2. Memperjuangkan keinginan yang positif
Selanjutnya adalah merumuskan program / agenda perbaikan diri. Ini bisa berbentuk misalnya memiliki
target baru yang hendak kita wujudkan atau merumuskan langkah-langkah positif yang hendak kita
lakukan. Entah itu besar atau kecil, intinya harus ada perubahan atau peningkatan ke arah yang lebih
positif. Semakin banyak hal-hal positif (target, tujuan atau keinginan) yang sanggup kita wujudkan,
semakin kuatlah pede kita. Kita perlu ingat bahwa pada akhirnya kita hanya akan menjadi lebih baik
dengan cara melakukan sesuatu yang baik buat kita. Titik. Tidak ada yang bisa mengganti prinsip ini.

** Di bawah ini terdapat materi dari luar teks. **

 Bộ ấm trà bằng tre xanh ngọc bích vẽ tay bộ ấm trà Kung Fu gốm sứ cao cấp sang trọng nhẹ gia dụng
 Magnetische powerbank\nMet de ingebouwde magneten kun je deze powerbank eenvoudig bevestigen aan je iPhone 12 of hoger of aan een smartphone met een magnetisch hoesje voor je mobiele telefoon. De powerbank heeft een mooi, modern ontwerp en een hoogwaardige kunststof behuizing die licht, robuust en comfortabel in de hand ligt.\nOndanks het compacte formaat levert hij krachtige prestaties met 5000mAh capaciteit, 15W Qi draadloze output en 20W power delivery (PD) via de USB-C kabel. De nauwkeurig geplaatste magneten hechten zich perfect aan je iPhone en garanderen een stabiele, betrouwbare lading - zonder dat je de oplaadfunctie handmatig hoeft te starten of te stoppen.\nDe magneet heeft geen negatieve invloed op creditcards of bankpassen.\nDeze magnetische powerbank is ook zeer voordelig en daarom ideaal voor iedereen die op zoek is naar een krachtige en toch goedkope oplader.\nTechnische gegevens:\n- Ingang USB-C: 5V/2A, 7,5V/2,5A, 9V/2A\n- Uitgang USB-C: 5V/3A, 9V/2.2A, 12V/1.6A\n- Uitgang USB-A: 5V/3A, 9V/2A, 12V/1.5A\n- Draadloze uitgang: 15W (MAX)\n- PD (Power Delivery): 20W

3. Mengatasi masalah secara positif
Pede juga bisa diperkuat dengan cara memberikan bukti kepada diri sendiri bahwa kita ternyata berhasil
mengatasi masalah yang menimpa kita. Semakin banyak masalah yang sanggup kita selesaikan, semakin
kuatlah pede. Lama kelamaan kita menjadi orang yang tidak mudah minder ketika menghadapi masalah.

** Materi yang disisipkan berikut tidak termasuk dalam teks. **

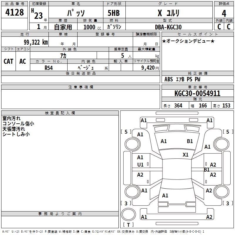 TOYOTA PASSO X YURURI - лот 4128
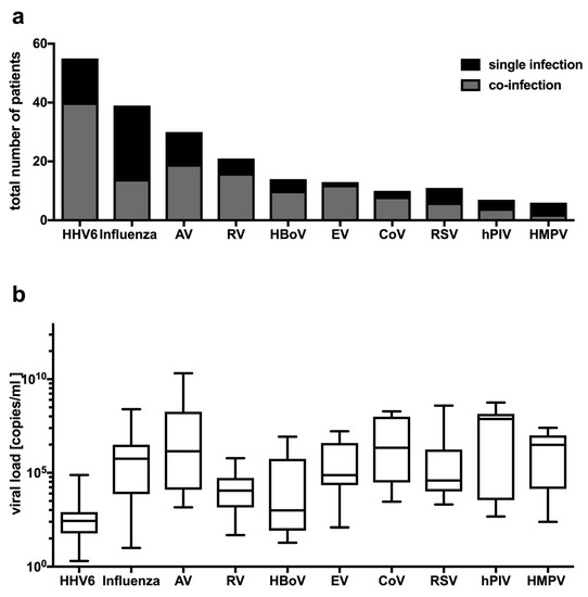 Distribution of viral pathogens in children with febrile seizures: (a) single (black) and co-infections (grey) displayed as total number of patients; (b) viral load in children with febrile seizures.
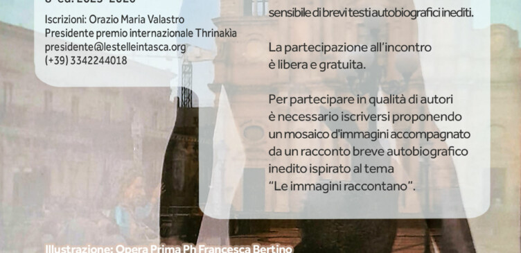 Raccontare la Sicilia è la via affettiva alla voce del cuore della nostra umanitàThrinakìa: un premio letterario dedicato alle scritture autobiografiche, biografiche e poetiche, e all’immaginario della Sicilia L’Organizzazione di Volontariato Le Stelle in Tasca – Ente del Terzo Settore – e la Délégation de la Renaissance Française de Belgique, vi invitano …
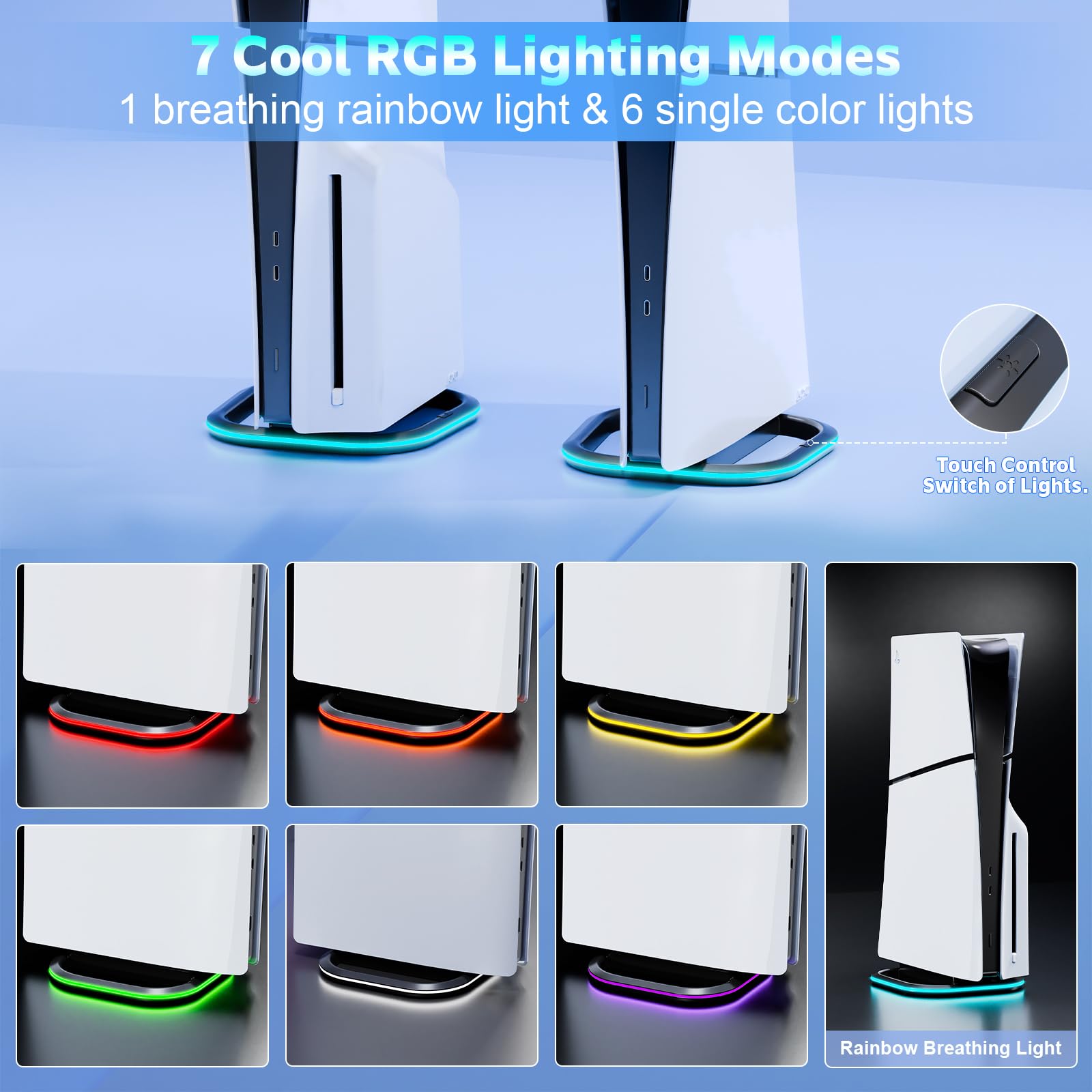- Q: What features does the RGB lighting have? A: The stand features seven types of RGB lights that can be controlled via a touch switch. A short press changes the colors, while a long press turns the lights on or off.

Karena itu ada yang mengingatkan, begitu kita sudah terbiasa menggunakan jurus pasrah atau kalah, ini
nanti akan menjadi kebiasaan yang membuat kita seringkali bermasalah.
4. Memiliki dasar keputusan yang positif.
Kalau dibaca dari praktek hidup secara keseluruhan, memang tidak ada orang yang selalu yakin atas
kemampuannya dalam menghadapi masalah atau dalam mewujudkan keinginan. Orang yang sekelas
Mahatma Gandhi saja sempat goyah ketika tiba-tiba realitas berubah secara tak terduga-duga. Tapi, Gandhi
punya cara yang bisa kita tiru: "Ketika saya putus asa maka saya selalu ingat bahwa sepanjang sejarah,
jalan yang ditempuh dengan kebenaran dan cinta selalu menang. Ada beberapa tirani dan pembunuhan
yang sepintas sepertinya menang tetapi akhirnya kalah. Pikirkan ucapan saya ini, SELALU". Artinya,
kepercayaan Gandhi tumbuh lagi setelah mengingat bahwa langkahnya sudah dilandasi oleh prinsip-prinsip
yang benar.
5. Memiliki model / teladan yang positif
Yang penting lagi adalah menemukan orang lain yang bisa kita contoh dari sisi kepercayaan dirinya. Ini
memang menuntut kita untuk sering-sering membuka mata melihat orang lain yang lebih bagus dari kita
lalu menjadikannya sebagai pelajaran. Saking pentingnya peranan orang lain ini, ada yang mengatakan
bahwa kita bisa memperbaiki diri dari dua hal: a) pengalaman pribadi (life experiencing) dan b) duplicating
(mencontoh dan mempelajari orang lain). Buktikan! Selamat mencoba.